Let's say you have a data frame generated by the following commands:

date <- seq(as.Date("2012-09-01"), Sys.Date(), 1)
id <- rep(c("a","b","c","d"), 8)
bdate <- seq(as.Date("2012-08-01"), as.Date("2012-11-01"), 1)[sample(1:32, 32)]

# The end date should be random but greater than the begin date. However, I set it to 15 days later for simplicity.
edate <- bdate + 15

value <- seq(1, 1000, 1)[sample(1:1000, 32)]
dfa <- data.frame(id, value, bdate, edate)
names(dfa) <- c("ID", "Value", "Begin.Date", "End.Date")

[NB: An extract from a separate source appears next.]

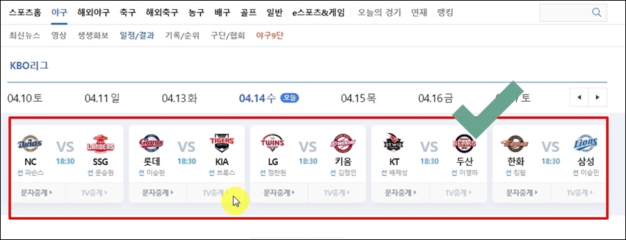 경기 관련 정보를 보면 문자중계와 TV중계를 선택할 수 있도록 되어 있는데요. TV중계 버튼이 활성화되면 바로 사이트에서 야구경기에 대한 방송보기를 할 수 있습니다.

The goal is to sum all the observations by ID (i.e., "a", "b", or "c") in the following way:

Date        a   b   c
2012-08-01  XXX YYY ZZZ
2012-08-02  XXX YYY ZZZ
2012-08-03  XXX YYY ZZZ

The values XXX, YYY, and ZZZ represent the sum of all the observations where the date on column "Date" falls between dfa$Begin.Date and dfa$End.Date on the original data frame, for each ID.

My current solution is practically useless for large datasets so I was wondering if there are any faster ways to do it.

My current script:

# Create additional data frame
dfb <- data.frame(seq(as.Date("2012-08-01"), as.Date("2012-11-01"), 1))
names(dfb)[1] <- "Date"

# Variable for unique IDs
nid <- unique(dfa$ID)

# Number of total IDs
tid <- length(nid)

for (i in c(1:tid))
{
sums <- vapply(dfb$Date, function(x)
{
temp <- subset(dfa, dfa$ID == nid[i])
temp <- subset(temp, temp$Begin.Date < x & temp$End.Date > x)
res <- sum(temp$Value)
res
}, FUN.VALUE = 0.1
)
dfb[1+i] <- sums
}

# Change column names to ID
names(dfb) <- c("Date", as.character(nid))

EDIT: I posted an answer below with a more efficient way to do this. However, I accepted Matthew's answer because it set me on the right path.

Fael
  • 183
  • 2
  • 10

4 Answers4

3

Thanks to @Matthew Dowle I found out how to do this more efficiently with the data.table package.

# Fire up the bad boy
library(data.table)

# Create the data table with original data
value <- seq(1, 1000, 1)[sample(1:1000, 32)]
dt <- data.table(id, value, bdate, edate)
setnames(dt, names(dt), c("id", "value", "begin", "end"))

# For each pair of id and value, create a row for each day. (i.e., the first line:
# a  928  2012-08-11  2012-08-26
# will now be 15 lines. The first two columns are repeated over 15 different dates.
dt <- dt[, seq(begin[1], (last(end) - 1), by="days"), by = list(id, value)]
setnames(dt, names(dt), c(names(dt)[1:2], "date"))
setkey(dt)

# Sum each pair of id and value over the dates column
dt <- dt[, sum(value), by = list(id, date)]
setnames(dt, names(dt), c(names(dt)[1:2], "value"))
setkey(dt, date, id)

# Define the time span you would like on your final table
timespan <- dt[, seq(as.Date("2012-07-25"), max(date), by = "day")]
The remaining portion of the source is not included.